Siempre pensé que Darío era gay. De esos tíos que lo son pero no lo dicen porque creen que a nadie le interesa tu orientación sexual. Así que yo me supuse que, bien, vale, muy mono, pero es gay. Es gay. Nunca me mira. Es gay. Salimos juntos, bebemos y nunca repara en mí, es gay. No lo dice, pero es gay, sí. “Os presento a Marta, mi chica”, vale, no es gay. Es mono, es hetero, tiene novia y es fiel, joder. Joder. La tal Marta le dejó al poco de un año, yo me alegré, ella era chunga, de esas tías raras.

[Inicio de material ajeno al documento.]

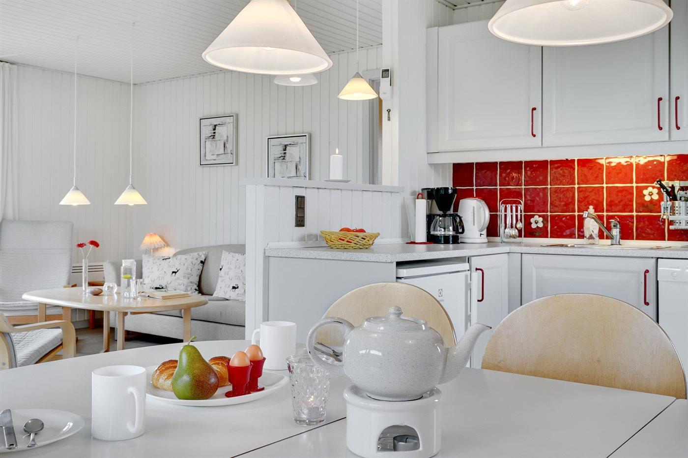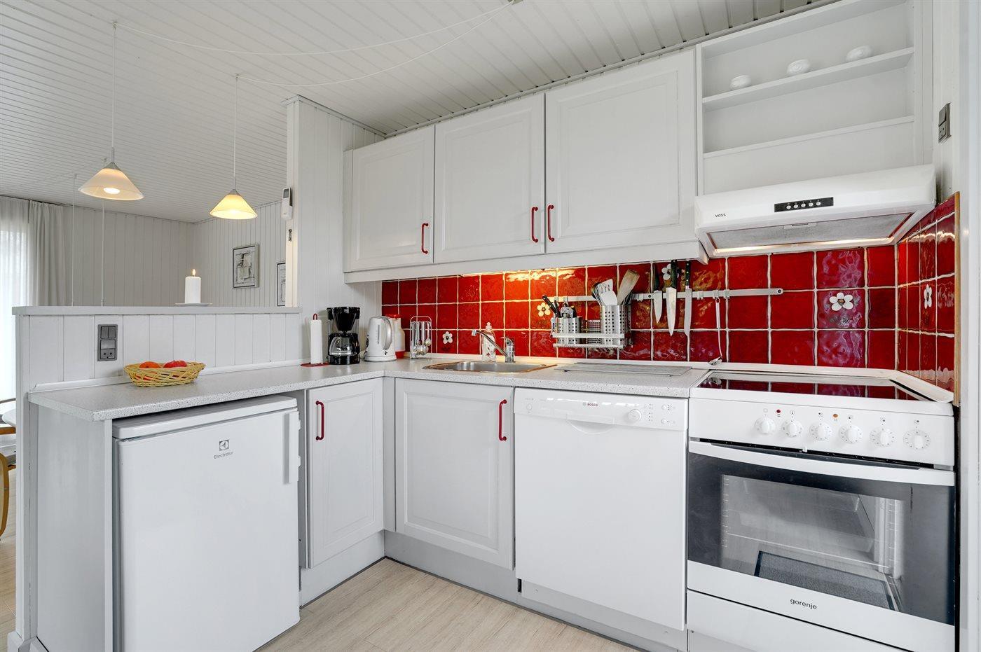 De keuken is uitgerust met koelkast Er is 4 elektrische kookplaten, bakoven en vaatwasser.

Pero no rara como Elvi que sabes que en cualquier momento te puede descuartizar mientras escucha El ocaso de los dioses de Wagner, sino rara de las tías que repiten las dos últimas palabras de tu frase y luego se te quedan mirando sin añadir nada más. De las raras que dudas entre si será asperger o simplemente revela cierta carencia afectiva. Rara. Así que cuando le dejó, me alegré. Darío no tanto y se fue a Argentina en busca del Teatro del Movimiento, lo mismo que yo a Berlín buscando el Teatro Épico. Cada uno en una parte del mundo buscando y buscando sin encontrar nada más que mucha decepción con la que llenar la maleta de vuelta. Siempre me gustó, sí, él siempre me gustó.
—¿Bea?
—¿Qué?
—Que si sabes a qué hora regresaremos a Madrid.

—¡Jodeeeer! ¡Joder, joder, joder!
Los gritos eran de Elvira que nos acababa de encontrar follando a Darío y a mí en la encimera de la cocina. Darío se subió los pantalones, yo me bajé la camiseta larga y salí corriendo detrás de Elvira.
—¡Tía, espera! —dije alcanzándola en el hall.
—¡Coño, Bea, esto es demasié! En una casa de más de 400 m2, ¿me vas a decir que no había habitaciones libres?
—Bueno, ya sabes que esto viene así, de repente.
—¿De repente?
—De repente.
—Perdona, Elvi, ¿te hago un café?, ¿quieres? —Darío.
—¡Vale! —gritó Enrique bajando las escaleras—. En 10 minutos todo el mundo desayunando. Tenemos proyecto.
Los tres lo miramos.
—¿Qué proyecto? —preguntó Elvira subiendo el primer escalón.
Enrique la miró desde 4 escalones más arriba.
—Un proyecto —contestó.
—Entonces, Enrique, ¿te hago un café?, ¿quieres?

A las siete de la tarde estaba entrando en mi diminuto apartamento de Madrid. Me descalcé y me lancé al sofá. Miré la foto que tenía enfrente, en la estantería de los libros, sobre el escritorio, en la que salía abrazada a Pablo. La repetimos siete veces, yo quería que saliera natural. “Natural ya no es si vamos por la cuarta”, me dijo. “No me entiendes”, le decía yo, “natural, la quiero natural”. “Cariño, es mejor que te vayas a casa”, me dijo mi padre, dos meses después, cuando por sorpresa apareció en el departamento de cuentas de su empresa. Me sujetó por los hombros y me dijo: “Es mejor que te vayas a casa, yo te acompaño, cielo”. Los padres de Pablo lo llamaron a él, no a mí, lo llamaron a él, quizá me veían demasiado insensata para entender una situación así, para entender que la moto de Pablo se había encajado bajo un camión, para entender que su hijo había muerto por insensato, por esa insensatez que, más que seguro, la había aprendido de mí, de la chica loca e insensata con la que salía. Llamaron a mi padre porque entendieron que parte de la culpa era mía. Yo lo entendía todo. Claro que lo entendía. Entendí que para comprender algo así había que desentender la vida entera y volverla a entender desde el más absoluto vacío. Ocho días más tarde llamé a Elvira y comencé a llorar, le pedí que no me colgara, lloré durante más de 30 minutos y después le dije que ahora la entendía, ella dijo: “Vale”, y colgó.
Me levanté y cogí la foto. La miré y sonreí.
—Tenemos un proyecto, Pablo. Tengo un proyecto.
Abrí el primer cajón de mi escritorio y la metí allí.